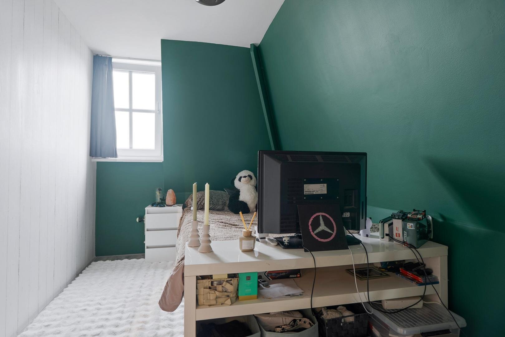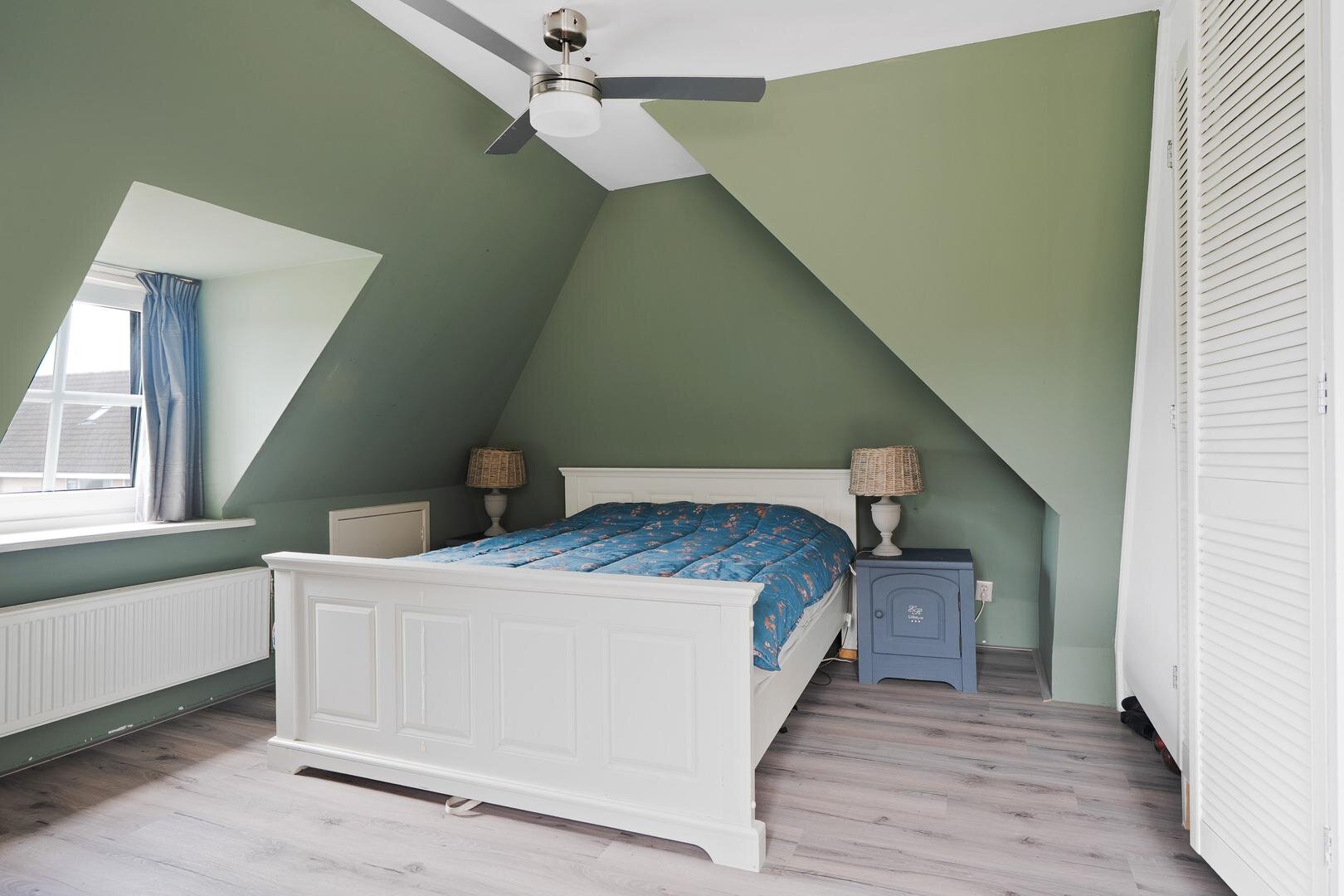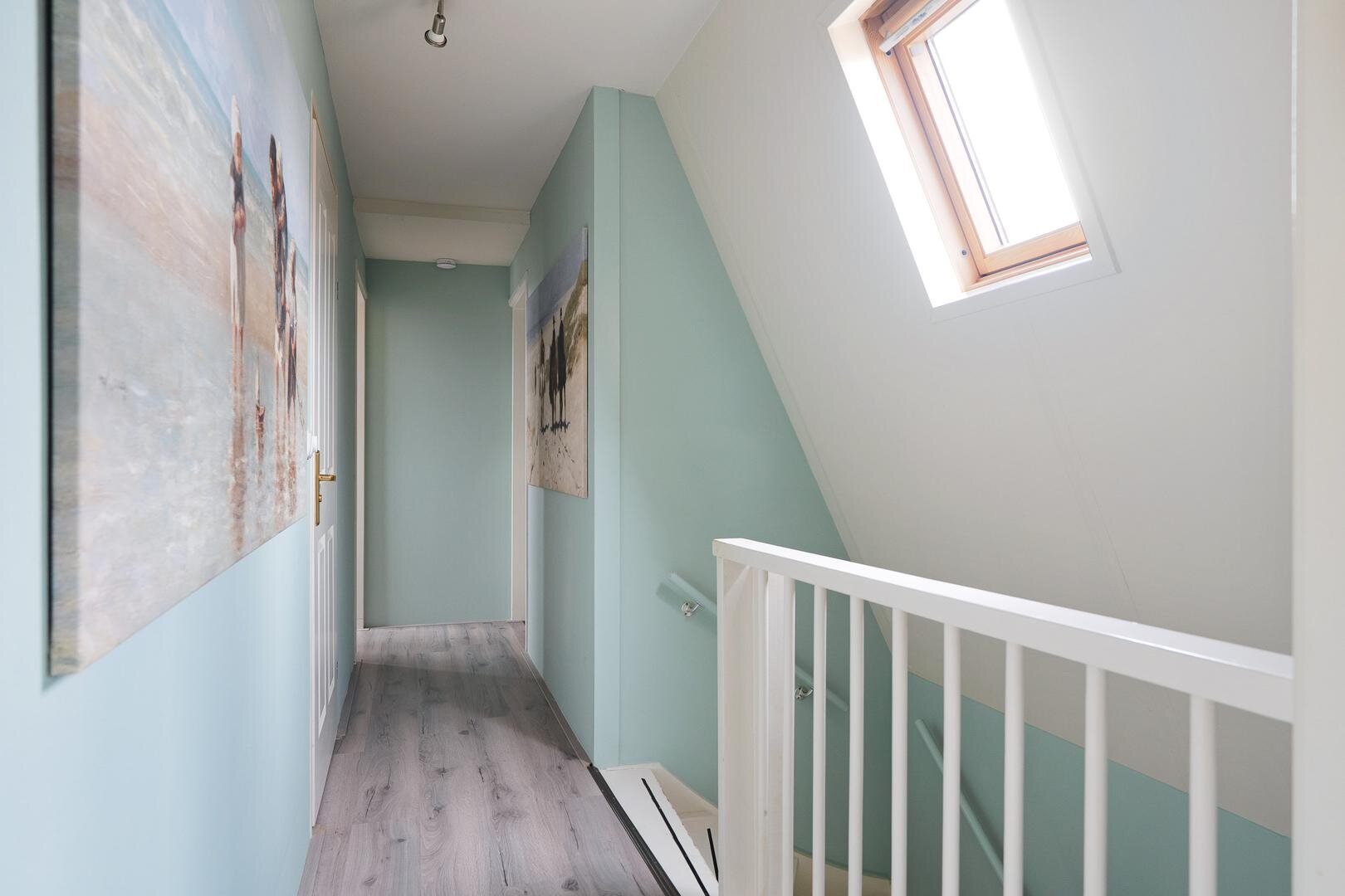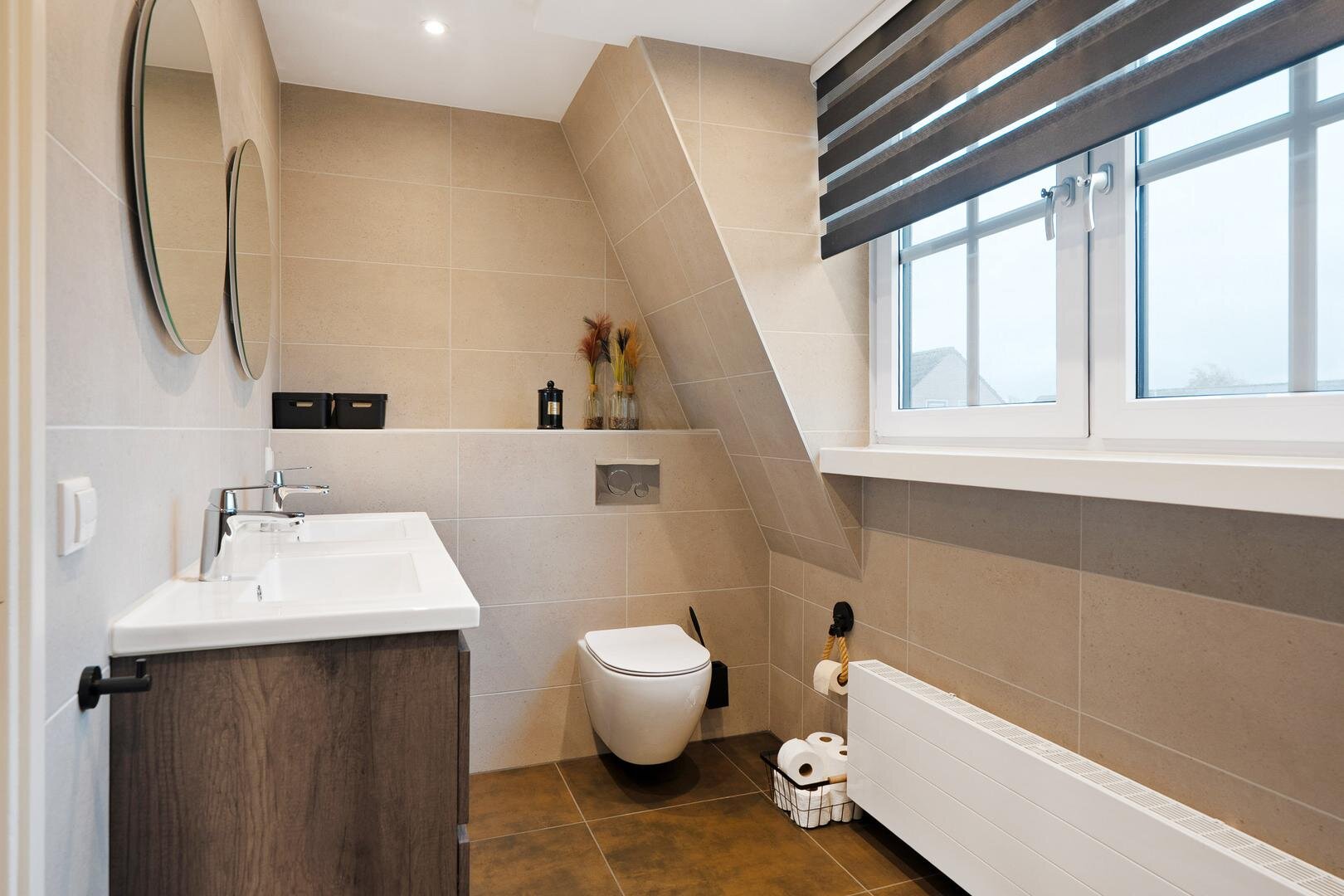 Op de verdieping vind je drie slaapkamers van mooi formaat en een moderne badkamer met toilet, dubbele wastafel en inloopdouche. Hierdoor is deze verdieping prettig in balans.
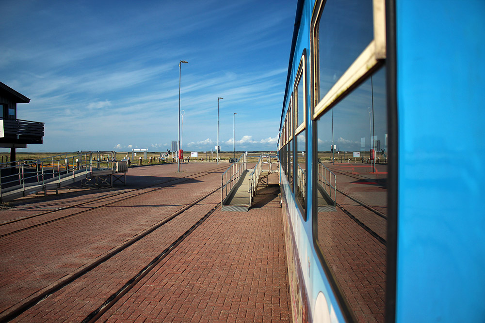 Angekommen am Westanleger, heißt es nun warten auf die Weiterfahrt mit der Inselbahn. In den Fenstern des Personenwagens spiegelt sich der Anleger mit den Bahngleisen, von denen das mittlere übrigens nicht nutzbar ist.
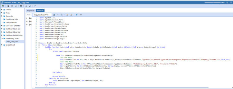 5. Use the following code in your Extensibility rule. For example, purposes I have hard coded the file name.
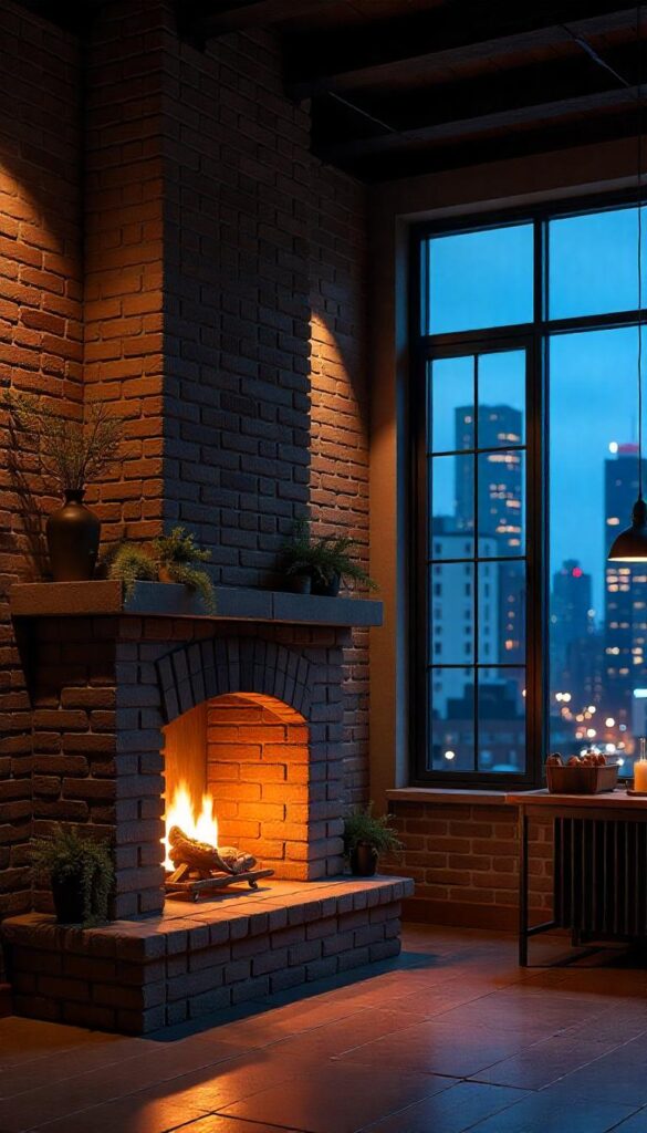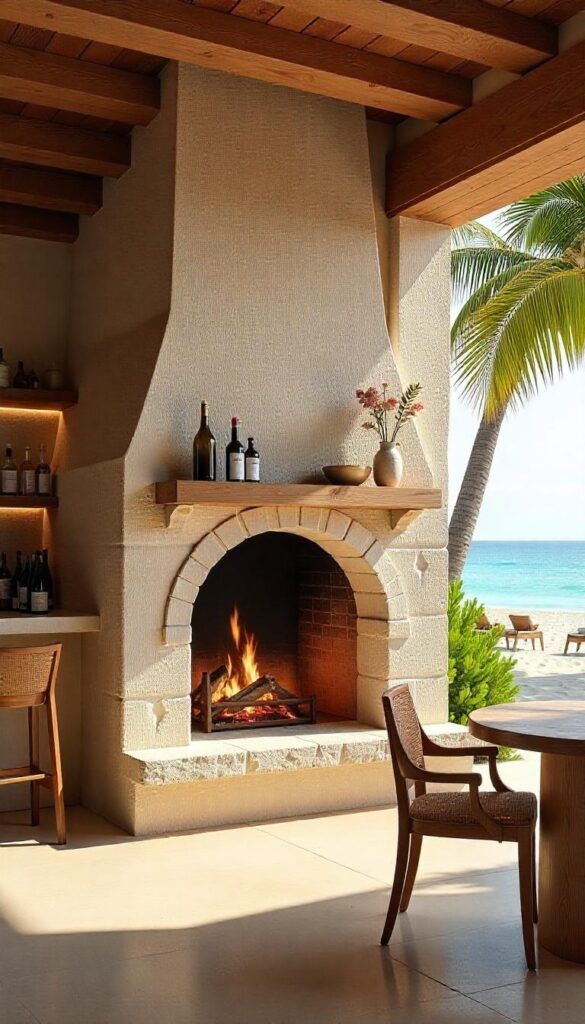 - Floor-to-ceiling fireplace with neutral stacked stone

EXERCISE DESCRIPTION - Print out the whole of the material word for word, without pictures.

SOLVED EXERCISE -
 Op de verdieping vind je drie slaapkamers van mooi formaat en een moderne badkamer met toilet, dubbele wastafel en inloopdouche. Hierdoor is deze verdieping prettig in balans.
 Angekommen am Westanleger, heißt es nun warten auf die Weiterfahrt mit der Inselbahn. In den Fenstern des Personenwagens spiegelt sich der Anleger mit den Bahngleisen, von denen das mittlere übrigens nicht nutzbar ist.
 5. Use the following code in your Extensibility rule. For example, purposes I have hard coded the file name.
 - Floor-to-ceiling fireplace with neutral stacked stone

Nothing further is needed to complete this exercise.